The laws also calls for all districts to begin conversations/partner with nearby districts (including districts both in and outside of the supervisory union) to make larger school systems of at least 900 pupils. The committee will explore all options both within our current structure and outside of it, to determine what is the best course of action is for the students in our towns.   

Some current supervisory unions and districts are more naturally aligned to move to a supervisory district than others. Unfortunately FWSU is not one of them. FWSU is comprised of three districts and none of our three districts reaches the magical 900 number alone. We do not share a high school and two of our towns (Georgia and Fletcher) have school choice that allows students from those towns to attend schools throughout Vermont. Fairfax has a pK-12 system that operates its own high school.

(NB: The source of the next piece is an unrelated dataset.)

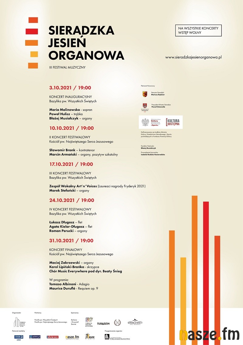 Od kilku tygodni trwa III Festiwal Muzyczny Sieradzka Jesień Organowa. To wydarzenie, które szybko wpisało się w muzyczny krajobraz regionu i Polski. Festiwal łączy w sobie prezentację muzyki organowej, kameralnej i sakralnej, przy udziale najznakomitszych artystów. W najbliższą niedzielę odbędzie się już koncert finałowy.

Any reconfiguration of our current system would have major impacts on one or more of our schools.  EPSCORaward1

Asking districts to merge is not voluntary under Act 46. Districts that merge quickly will see property tax incentives, districts that do not merge by 2018 run the risk of being assigned to a new district by the State Board of Education and will receive no tax incentive. However, schools that have choice like Georgia and Fletcher cannot be made to lose choice by the State Board, that can only be accomplished by a vote of the town electorate.  It is to say the least, confusing.


Prior to any district even considering consolidation they must undertake a comprehensive study.  At the last set of school board meetings, all three member-district boards in FWSU voted to begin an Act 46 school consolidation study. The newly-formed study committee will convene after each board appoints its members in November and selects a chair of the committee. That committee, comprised of community members and board members, will study our system, study Act 46, engage the community and make a recommendation as to how our schools will be governed in the future. It is completely unclear what that recommendation would be at this time.


As mentioned above, Act 46 also offers tax incentives to towns that approve a consolidation before July 1, 2016 (aka “accelerated merger”). School boards in FWSU have decided not pursue an accelerated merger. The questions we have to ask and answer in our towns are big and they deserve to be discussed in a thoughtful manner. Lower tax incentives will remain available in each of the following two years should the study committee move in that direction.

(BFA student Devan Borthwick sets up an experiment to measure relative humidity vs photosynthetic rate of Malus sieboldii (flowering crab apple) using a growth chamber, CO2, O2 and humidity Vernier sensors. Samantha King (in the foreground) collects data.)

Finally, it essential to know that any consolidation of school districts would require a town-wide vote by each town. This is not a decision that a school board or committee can make independently. The committee will only recommend what the towns ultimately vote on, if they decide to vote at all.